Source: Richard Sennett's The Craftsman


A short excerpt of which on p. 183, Out of its chapter, “Expressive Instructions” : 

* * *

(...) One remedy for dead denotation is to ‘‘write what you know,’’ a piece of advice frequently given to young writers. The idea is that a person can unpack instructive meaning in experiences he or she has lived through. However, this remedy is no remedy; what you know may be so familiar to you that you might take for granted its touchstone
references, assuming that others have identical touchstones. Thus you might write of an architect, ‘‘McGuppy’s slick mall resembles a Bon Jovi song.’’ A reader in Borneo might not be able to summon up the image of a slick shopping mall and I have never heard a Bon Jovi tune. Much contemporary writing is stuffed with casual references to consumer
products; in two generations, this writing will be incomprehensible. Familiarity risks producing only more dead denotation.
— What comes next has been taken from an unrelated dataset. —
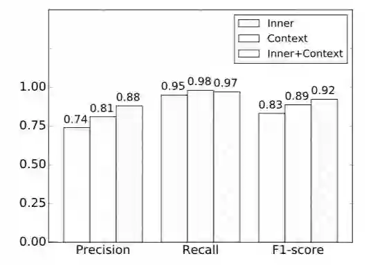 这些模型的召回率几乎是一样的,然而通过添加上下文特征,精度有所提高。该结果验证了这两个特征的贡献。
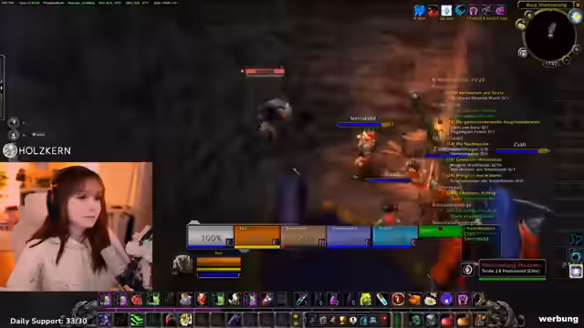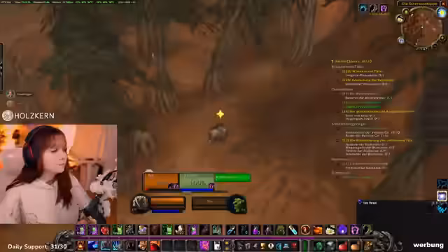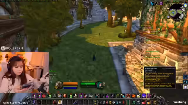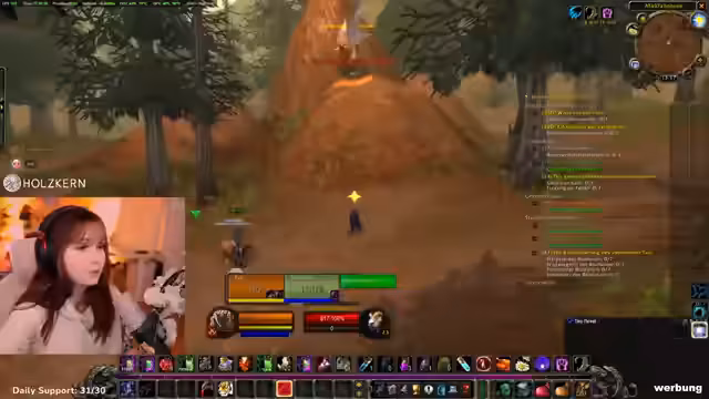 05:49:40Der Streamer erkundet den Düsterwald, konzentriert sich auf das Questen und wechselt dabei seine Gestalten zwischen Katze, Bär und Mensch. Er ist auf der Suche nach Gegnern für Erfahrungspunkte, ist jedoch vorsichtig und prüft jeden einzelnen, um nicht versehentlich Elite-Gegner zu aggroen, die ihn sofort töten könnten. Trotzdem gerät er in eine Situation, in der er denkt, einen Elite-Mob zu bekämpfen, der sich jedoch als harmlos herausstellt. Die Spielfigur ist kurz vorm Level-Up, was für den Streamer ein weiterer Meilenstein auf seinem Level-Weg ist.

The challenge posed by dead denotation is precisely to take apart tacit knowledge, which requires bringing to the surface of consciousness that knowledge which has become so self-evident and habitual that it
seems just natural. (...)

* * *

I wish some writers, who think some narrow span of their own experience to be something like universal and all-time culture, took into account the above remarks, especially:
Much contemporary writing is stuffed with casual references to consumer products; in two generations, this writing will be incomprehensible.